A solid plan… at approximately 10:00, we sailed out of Oak Bluffs Harbor, Falmouth bound. I was steering roughly NNE as we cleared the headland and East Chop Light. Typical of Vineyard Sound, the current was ripping about 2 knots right to left, towards Woods Hole. Mentor had out the Eldridge, a flashlight in one hand and the other on the tiny compass rose to determine a heading, factoring in the flood tide. Being young and fresh, I was confident to say the least. I had always loved sailing at night. The occasional flashlight on the compass showed I was generally within 5 degrees of Northeast, the wind a steady 15 knots.

Overhead was a magnificent sky full of stars, only interrupted by the beam of the rapidly receding lighthouse. The warm air and the delightful sound we made charging along under main alone made it spectacular sailing. After a short bit, Mentor asked, “How fast do you think we’re going?” We could’ve ve asked Bruce Kirby but he was back at the party on the Vineyard. “Let me see the flashlight.” I cast the light down at the water rushing by…”Hmmm, pretty quick.”..Then as I lifted the light to parallel with the water… “Oh, crap.” East Chop Light was gone, and we were in a warm cylinder of fog, about 30 feet in diameter ending just above the mast, leaving a hole where the stars continued to twinkle.

“No problem,” said Mentor. “We’re going about 5 knots and we’ll be in Falmouth in about 30 minutes. Come up to 55 degrees.” I trimmed the main and looked at the compass more often. A very short while afterward, a light appeared above the fog. We pondered it. “A ship or barge?” I asked. “No, we would hear it.” “Yeah, but it’s moving towards us for sure,” I said. ”You kids don’t pay attention…a solid white light alone is not a steaming light, and it’s moving too fast to be an anchor light.”

And as he finished his sentence, and a dog barked, we simultaneously yelled “STREET LIGHT!!!!” and I put the helm down hard. Nothing spins like a Sonar in anger and in a boatlength, we had tacked and were headed back west.

We sailed back into Vineyard Sound for a few minutes while we let our adrenaline levels stabilize. Then we tacked and headed back towards the Cape at half pace until we spotted a flashing green. “Oh! We”re good!” I said, “just need to find the red and we shoot right in through the breakwater.” “OK, steer for the green but be ready.” Within a minute, with the crashing sound of waves hitting a breakwater, a piece of granite emerged from the water to leeward and I put the helm down again, sending the Sonar into another bat turn.

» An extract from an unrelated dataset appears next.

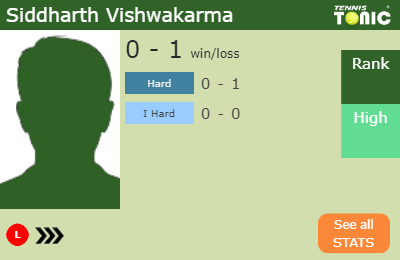 Siddharth has a 0-1 win-loss record in 2019, 0-1 on hard (See FULL STATS).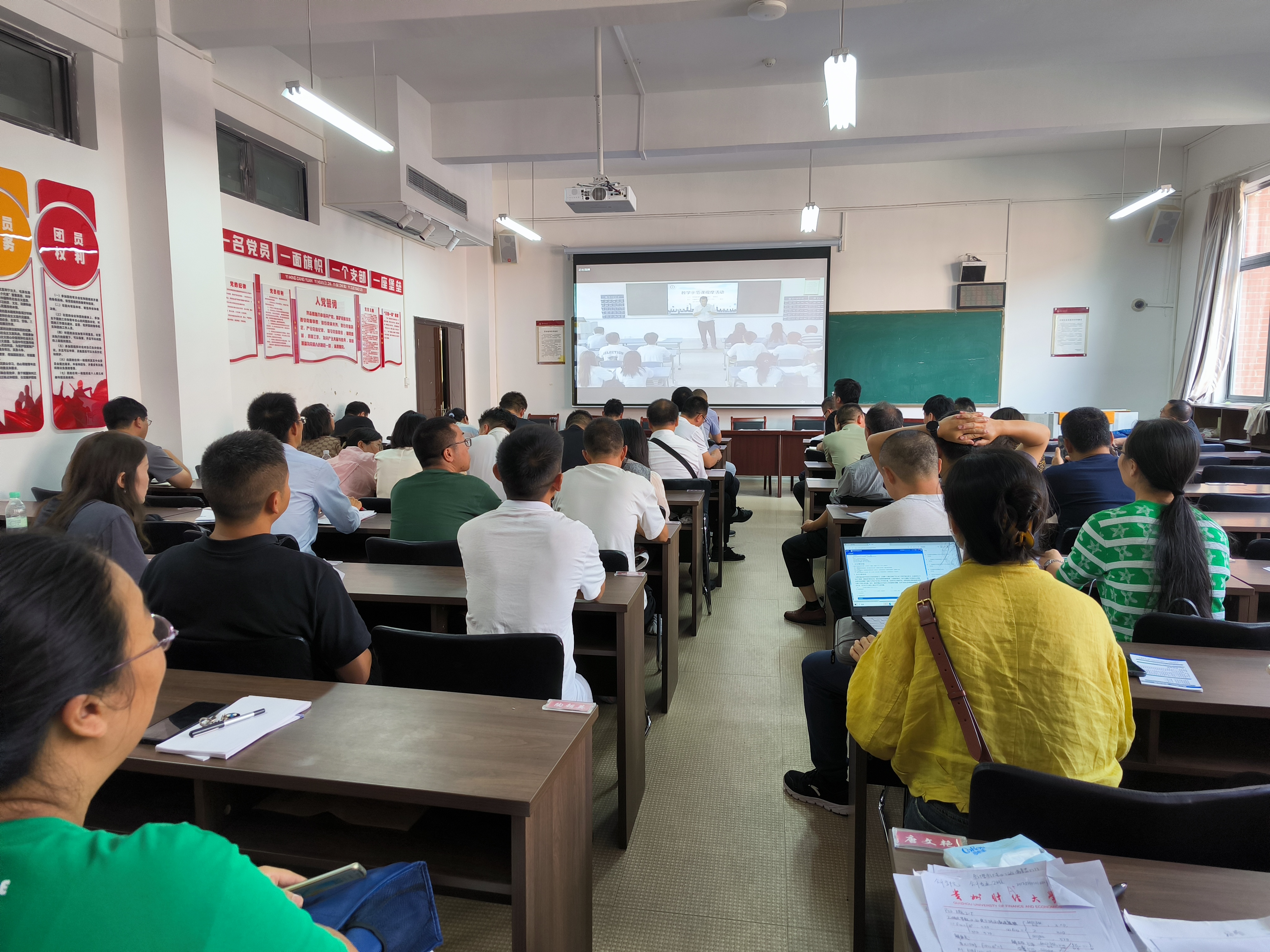 活动当日,教师们集中观摩了由管理科学与工程公司胡贤旭博士主讲的《数字地图学》课程。授课过程中,胡贤旭的教学安排条理清晰,课堂互动设计充分,展现了扎实的教学功底与丰富的教学经验,为教师提供了直观的教学参考。

“OK, let me steer and you look,” was Mentor’s new plan. Seemed sound. Younger eyes plus a steadier helm. On the third try, we managed to shoot into the channel in the middle, keeping the granite to either side, and poof..the fog lifted a bit to show an anchorage. “Yeah! We made it. I enthused. “Sure, wherever here is.” Mentor replied, less enthusiastically. “This isn’t Falmouth?” Apparently, we were going faster than 5 knots.

We took a mooring and flaked the main over the boom as a comforter/dew cloth, and went to sleep with life jackets as pillows…(being the 1980s, the life jackets had stayed nice and dry in the cabin during our crossing). The next morning, our beat from Green Pond to Falmouth in the 55 degree, 20-25 knot northwester was a mere two miles. With the boat on the trailer, we were showered and eating egg, bacon and cheese sammies while we watched the fleet hammer their way across Vineyard Sound. It’s great when a plan comes together.